Exactly as they appear below, repeat the lines from the one with "В завершение в" through the one with "Sub forTest() Dim", and no others.
::::::::
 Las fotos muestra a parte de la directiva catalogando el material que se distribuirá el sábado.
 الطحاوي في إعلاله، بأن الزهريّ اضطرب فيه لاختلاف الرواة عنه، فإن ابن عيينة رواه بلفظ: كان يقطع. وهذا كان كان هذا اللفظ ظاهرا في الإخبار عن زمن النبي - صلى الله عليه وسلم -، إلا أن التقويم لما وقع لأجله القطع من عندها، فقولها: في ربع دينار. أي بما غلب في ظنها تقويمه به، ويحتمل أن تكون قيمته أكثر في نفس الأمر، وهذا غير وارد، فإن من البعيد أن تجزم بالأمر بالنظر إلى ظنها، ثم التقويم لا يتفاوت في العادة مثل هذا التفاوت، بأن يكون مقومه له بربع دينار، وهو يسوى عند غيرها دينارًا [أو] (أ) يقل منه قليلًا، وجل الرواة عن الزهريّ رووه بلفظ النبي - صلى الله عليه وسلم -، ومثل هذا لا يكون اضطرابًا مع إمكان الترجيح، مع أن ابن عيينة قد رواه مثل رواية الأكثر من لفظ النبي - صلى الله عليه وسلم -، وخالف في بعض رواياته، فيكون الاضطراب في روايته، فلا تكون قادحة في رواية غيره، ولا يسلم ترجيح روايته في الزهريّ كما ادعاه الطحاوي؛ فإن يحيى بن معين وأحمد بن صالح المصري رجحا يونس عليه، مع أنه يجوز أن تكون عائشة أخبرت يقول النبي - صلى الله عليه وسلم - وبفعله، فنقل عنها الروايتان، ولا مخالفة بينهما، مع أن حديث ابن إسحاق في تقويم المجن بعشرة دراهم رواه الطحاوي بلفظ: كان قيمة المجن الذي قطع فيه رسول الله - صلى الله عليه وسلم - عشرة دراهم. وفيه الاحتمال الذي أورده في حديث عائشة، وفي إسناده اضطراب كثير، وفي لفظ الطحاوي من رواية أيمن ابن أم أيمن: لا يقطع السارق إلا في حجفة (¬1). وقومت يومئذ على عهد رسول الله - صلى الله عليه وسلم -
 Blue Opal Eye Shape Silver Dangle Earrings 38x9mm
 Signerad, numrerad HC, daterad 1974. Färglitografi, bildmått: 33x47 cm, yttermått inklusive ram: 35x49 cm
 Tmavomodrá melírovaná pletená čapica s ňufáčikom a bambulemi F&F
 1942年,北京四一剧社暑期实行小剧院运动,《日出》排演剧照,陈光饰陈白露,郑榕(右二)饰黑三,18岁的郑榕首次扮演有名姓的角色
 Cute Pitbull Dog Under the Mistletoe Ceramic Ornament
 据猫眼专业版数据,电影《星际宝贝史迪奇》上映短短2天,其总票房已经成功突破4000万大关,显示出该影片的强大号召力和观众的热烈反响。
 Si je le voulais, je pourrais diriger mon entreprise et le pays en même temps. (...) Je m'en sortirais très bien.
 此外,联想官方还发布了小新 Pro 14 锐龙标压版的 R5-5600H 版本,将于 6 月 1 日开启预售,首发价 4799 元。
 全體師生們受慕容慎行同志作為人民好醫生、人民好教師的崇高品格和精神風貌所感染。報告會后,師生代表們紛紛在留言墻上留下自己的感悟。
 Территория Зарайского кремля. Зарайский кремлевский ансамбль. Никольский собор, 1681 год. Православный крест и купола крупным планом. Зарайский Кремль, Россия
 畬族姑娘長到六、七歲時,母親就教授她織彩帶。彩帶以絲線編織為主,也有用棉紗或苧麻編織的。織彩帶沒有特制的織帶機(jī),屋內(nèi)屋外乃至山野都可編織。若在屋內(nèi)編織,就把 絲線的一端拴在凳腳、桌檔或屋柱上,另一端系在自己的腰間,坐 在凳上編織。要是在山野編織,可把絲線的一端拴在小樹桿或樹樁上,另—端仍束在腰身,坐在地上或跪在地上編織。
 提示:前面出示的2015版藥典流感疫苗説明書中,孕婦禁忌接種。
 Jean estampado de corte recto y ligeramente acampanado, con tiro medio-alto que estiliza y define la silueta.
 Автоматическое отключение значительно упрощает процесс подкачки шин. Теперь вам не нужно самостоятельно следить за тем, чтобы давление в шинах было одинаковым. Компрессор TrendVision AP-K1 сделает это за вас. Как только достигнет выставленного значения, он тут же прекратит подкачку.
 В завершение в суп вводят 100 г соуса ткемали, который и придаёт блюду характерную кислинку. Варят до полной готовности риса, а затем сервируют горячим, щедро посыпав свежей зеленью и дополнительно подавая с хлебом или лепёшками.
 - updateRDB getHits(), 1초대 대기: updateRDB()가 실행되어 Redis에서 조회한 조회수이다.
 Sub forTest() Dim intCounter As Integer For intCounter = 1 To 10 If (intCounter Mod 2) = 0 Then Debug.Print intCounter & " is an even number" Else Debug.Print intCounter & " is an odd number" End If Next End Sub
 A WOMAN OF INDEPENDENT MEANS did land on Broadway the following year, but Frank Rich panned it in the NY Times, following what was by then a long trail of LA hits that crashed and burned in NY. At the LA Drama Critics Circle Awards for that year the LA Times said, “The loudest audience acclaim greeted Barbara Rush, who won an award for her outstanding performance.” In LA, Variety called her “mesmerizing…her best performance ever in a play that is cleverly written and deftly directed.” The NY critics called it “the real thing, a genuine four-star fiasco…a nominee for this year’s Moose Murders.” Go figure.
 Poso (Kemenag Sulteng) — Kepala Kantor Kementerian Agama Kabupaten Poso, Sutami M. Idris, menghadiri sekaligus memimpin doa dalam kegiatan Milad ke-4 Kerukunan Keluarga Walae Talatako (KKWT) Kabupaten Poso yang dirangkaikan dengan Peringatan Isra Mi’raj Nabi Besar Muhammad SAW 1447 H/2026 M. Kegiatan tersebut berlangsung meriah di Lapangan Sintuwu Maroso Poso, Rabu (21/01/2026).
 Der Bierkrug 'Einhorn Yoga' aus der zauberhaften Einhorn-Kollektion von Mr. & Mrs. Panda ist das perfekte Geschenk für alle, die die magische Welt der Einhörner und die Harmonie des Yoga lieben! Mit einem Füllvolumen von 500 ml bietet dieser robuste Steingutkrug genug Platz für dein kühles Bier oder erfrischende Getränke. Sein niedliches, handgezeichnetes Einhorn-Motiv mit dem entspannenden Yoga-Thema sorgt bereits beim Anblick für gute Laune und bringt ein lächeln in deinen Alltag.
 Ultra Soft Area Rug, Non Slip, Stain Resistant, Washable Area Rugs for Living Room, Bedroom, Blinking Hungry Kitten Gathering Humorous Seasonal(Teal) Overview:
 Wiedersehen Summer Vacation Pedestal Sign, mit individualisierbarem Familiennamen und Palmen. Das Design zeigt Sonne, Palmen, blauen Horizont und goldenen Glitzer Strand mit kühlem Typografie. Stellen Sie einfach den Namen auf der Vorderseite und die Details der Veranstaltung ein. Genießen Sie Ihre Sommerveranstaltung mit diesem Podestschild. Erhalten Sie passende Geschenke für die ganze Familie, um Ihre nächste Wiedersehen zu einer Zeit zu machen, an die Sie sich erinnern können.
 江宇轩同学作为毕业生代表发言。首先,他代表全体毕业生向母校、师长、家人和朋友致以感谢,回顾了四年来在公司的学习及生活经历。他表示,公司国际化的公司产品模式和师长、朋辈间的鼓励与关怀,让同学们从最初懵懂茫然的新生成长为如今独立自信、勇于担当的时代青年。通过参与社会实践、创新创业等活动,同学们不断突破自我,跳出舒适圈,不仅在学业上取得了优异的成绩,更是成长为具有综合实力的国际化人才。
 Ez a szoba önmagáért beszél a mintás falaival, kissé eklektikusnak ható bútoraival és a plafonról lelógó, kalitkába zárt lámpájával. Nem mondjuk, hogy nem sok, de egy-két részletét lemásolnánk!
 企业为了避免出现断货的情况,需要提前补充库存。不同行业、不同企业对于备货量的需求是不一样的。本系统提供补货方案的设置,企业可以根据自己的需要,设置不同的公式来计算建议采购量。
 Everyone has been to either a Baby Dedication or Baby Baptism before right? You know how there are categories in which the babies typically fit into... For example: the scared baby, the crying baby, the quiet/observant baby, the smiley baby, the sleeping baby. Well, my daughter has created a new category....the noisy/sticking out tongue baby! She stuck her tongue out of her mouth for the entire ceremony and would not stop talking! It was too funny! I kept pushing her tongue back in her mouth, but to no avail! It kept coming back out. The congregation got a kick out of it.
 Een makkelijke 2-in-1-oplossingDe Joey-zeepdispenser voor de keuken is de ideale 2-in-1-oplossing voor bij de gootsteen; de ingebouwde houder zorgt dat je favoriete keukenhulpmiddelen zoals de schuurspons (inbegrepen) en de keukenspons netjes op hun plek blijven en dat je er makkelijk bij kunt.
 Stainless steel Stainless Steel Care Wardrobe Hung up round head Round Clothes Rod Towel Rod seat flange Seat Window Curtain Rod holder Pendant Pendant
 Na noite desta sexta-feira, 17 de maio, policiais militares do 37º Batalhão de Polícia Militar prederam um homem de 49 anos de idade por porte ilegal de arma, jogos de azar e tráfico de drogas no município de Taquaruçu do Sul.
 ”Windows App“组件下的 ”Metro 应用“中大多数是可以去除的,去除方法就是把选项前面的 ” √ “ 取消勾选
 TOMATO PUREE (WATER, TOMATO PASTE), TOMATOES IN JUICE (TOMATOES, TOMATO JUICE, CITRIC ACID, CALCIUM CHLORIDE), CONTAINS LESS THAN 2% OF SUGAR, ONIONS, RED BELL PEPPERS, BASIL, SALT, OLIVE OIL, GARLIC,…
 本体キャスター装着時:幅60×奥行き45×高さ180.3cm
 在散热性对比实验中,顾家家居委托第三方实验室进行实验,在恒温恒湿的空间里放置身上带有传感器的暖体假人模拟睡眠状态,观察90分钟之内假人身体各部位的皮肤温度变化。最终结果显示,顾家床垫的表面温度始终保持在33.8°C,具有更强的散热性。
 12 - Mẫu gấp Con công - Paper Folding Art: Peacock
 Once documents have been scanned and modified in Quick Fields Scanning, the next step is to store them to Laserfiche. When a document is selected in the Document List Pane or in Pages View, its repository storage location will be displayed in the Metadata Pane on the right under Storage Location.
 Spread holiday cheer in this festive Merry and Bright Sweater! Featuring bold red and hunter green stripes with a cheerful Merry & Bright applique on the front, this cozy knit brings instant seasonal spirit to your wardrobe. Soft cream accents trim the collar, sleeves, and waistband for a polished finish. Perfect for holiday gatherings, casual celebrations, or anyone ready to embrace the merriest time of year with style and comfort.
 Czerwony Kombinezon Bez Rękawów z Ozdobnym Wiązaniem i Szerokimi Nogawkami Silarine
::::::::
▸ Solution to this exercise:
 В завершение в суп вводят 100 г соуса ткемали, который и придаёт блюду характерную кислинку. Варят до полной готовности риса, а затем сервируют горячим, щедро посыпав свежей зеленью и дополнительно подавая с хлебом или лепёшками.
 - updateRDB getHits(), 1초대 대기: updateRDB()가 실행되어 Redis에서 조회한 조회수이다.
 Sub forTest() Dim intCounter As Integer For intCounter = 1 To 10 If (intCounter Mod 2) = 0 Then Debug.Print intCounter & " is an even number" Else Debug.Print intCounter & " is an odd number" End If Next End Sub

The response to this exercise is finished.